- Task item -
No pictures belong in the copy. Restate the rest of the data exactly.

━━━━━━━━

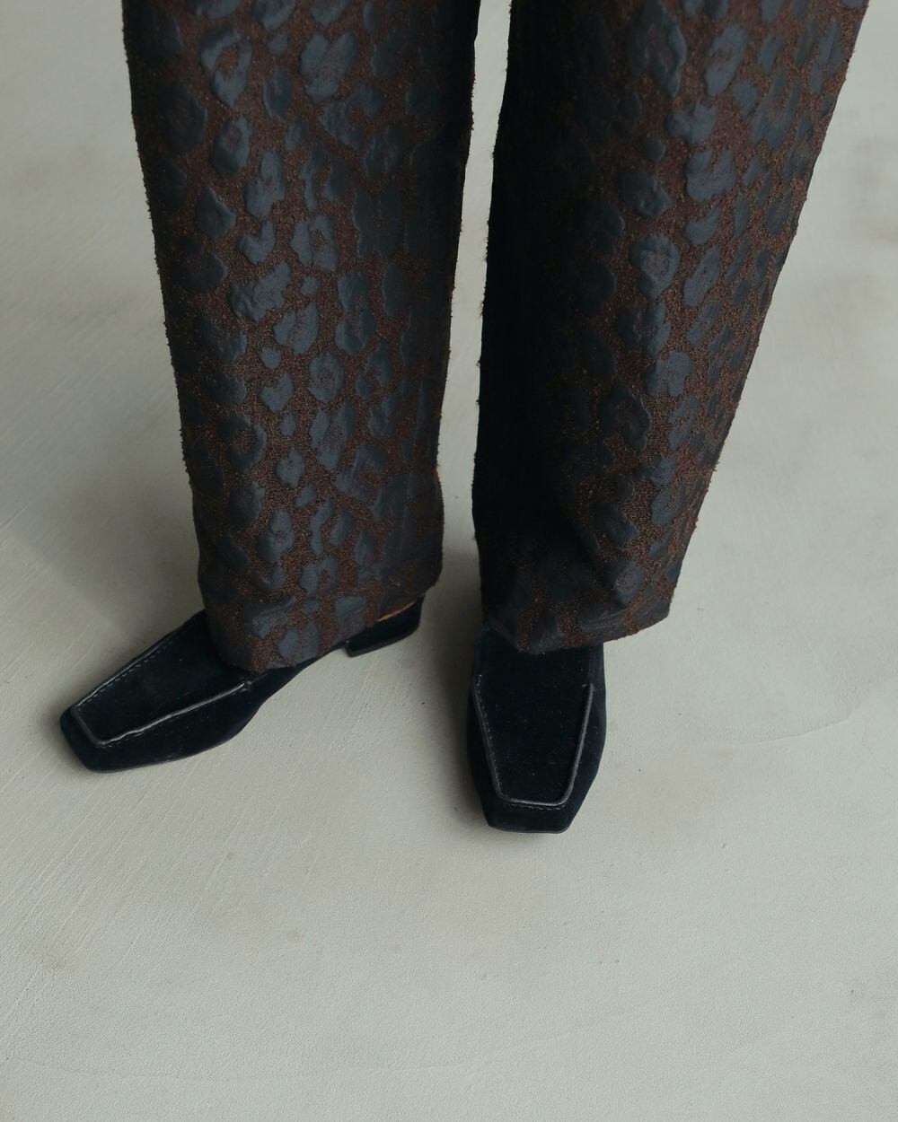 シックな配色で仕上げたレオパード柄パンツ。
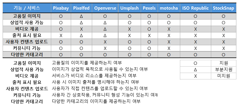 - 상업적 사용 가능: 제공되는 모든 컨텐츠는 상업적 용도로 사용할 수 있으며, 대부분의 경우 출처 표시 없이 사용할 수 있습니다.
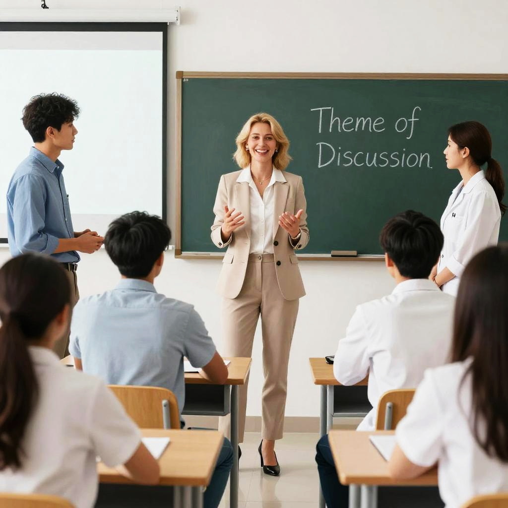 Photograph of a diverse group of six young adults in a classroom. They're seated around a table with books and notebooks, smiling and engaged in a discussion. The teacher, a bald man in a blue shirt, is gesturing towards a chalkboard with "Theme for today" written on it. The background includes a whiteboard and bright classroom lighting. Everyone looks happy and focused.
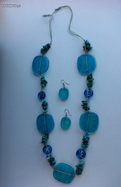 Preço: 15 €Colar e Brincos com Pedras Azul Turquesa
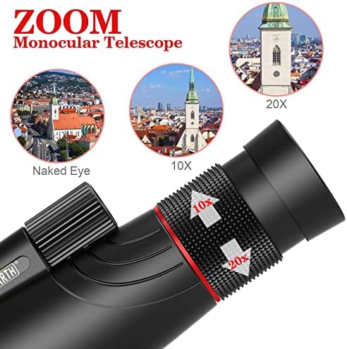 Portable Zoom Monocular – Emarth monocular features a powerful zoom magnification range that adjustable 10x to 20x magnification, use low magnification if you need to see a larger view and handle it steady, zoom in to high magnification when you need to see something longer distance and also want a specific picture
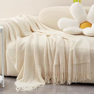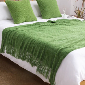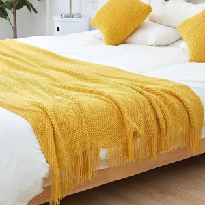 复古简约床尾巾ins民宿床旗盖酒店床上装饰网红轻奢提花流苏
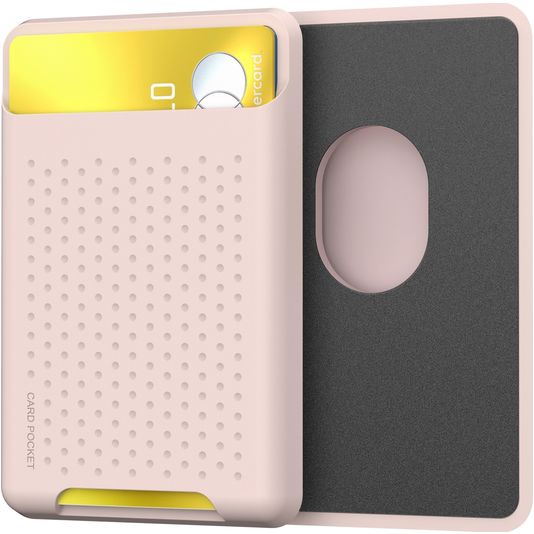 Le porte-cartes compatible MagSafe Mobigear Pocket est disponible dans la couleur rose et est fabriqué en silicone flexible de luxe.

━━━━━━━━

- Answer space -
 シックな配色で仕上げたレオパード柄パンツ。
 - 상업적 사용 가능: 제공되는 모든 컨텐츠는 상업적 용도로 사용할 수 있으며, 대부분의 경우 출처 표시 없이 사용할 수 있습니다.
 Photograph of a diverse group of six young adults in a classroom. They're seated around a table with books and notebooks, smiling and engaged in a discussion. The teacher, a bald man in a blue shirt, is gesturing towards a chalkboard with "Theme for today" written on it. The background includes a whiteboard and bright classroom lighting. Everyone looks happy and focused.
 Preço: 15 €Colar e Brincos com Pedras Azul Turquesa
 Portable Zoom Monocular – Emarth monocular features a powerful zoom magnification range that adjustable 10x to 20x magnification, use low magnification if you need to see a larger view and handle it steady, zoom in to high magnification when you need to see something longer distance and also want a specific picture
 复古简约床尾巾ins民宿床旗盖酒店床上装饰网红轻奢提花流苏
 Le porte-cartes compatible MagSafe Mobigear Pocket est disponible dans la couleur rose et est fabriqué en silicone flexible de luxe.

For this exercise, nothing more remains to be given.